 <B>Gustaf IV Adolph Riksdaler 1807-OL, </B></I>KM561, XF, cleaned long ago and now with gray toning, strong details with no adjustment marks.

---

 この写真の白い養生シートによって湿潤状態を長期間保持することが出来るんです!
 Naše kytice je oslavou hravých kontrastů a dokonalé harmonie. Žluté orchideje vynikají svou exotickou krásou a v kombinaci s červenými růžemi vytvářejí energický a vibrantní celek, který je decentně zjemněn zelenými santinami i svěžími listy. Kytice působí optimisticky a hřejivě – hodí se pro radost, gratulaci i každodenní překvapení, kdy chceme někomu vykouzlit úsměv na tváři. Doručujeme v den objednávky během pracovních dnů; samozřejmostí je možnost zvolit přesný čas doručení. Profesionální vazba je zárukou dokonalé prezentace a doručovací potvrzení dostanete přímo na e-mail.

---

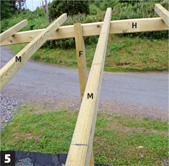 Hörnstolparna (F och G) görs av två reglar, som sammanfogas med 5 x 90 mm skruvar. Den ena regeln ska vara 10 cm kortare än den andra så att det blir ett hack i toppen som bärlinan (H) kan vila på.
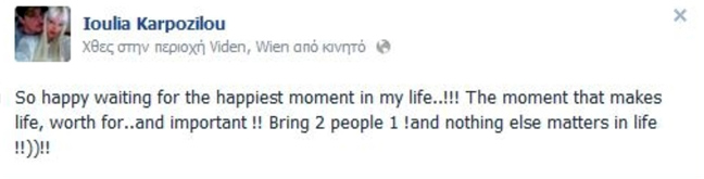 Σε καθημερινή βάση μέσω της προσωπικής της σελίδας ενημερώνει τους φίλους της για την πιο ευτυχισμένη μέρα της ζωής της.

WHAT YOU SHOULD DO>
Looking at the listing above, which lines run from the one containing "Hörnstolparna (F och" through the one containing "Σε καθημερινή βάση"? Print exactly those, ends included, pictures excluded.

SOLUTION FOR THIS EXERCISE>
 Hörnstolparna (F och G) görs av två reglar, som sammanfogas med 5 x 90 mm skruvar. Den ena regeln ska vara 10 cm kortare än den andra så att det blir ett hack i toppen som bärlinan (H) kan vila på.
 Σε καθημερινή βάση μέσω της προσωπικής της σελίδας ενημερώνει τους φίλους της για την πιο ευτυχισμένη μέρα της ζωής της.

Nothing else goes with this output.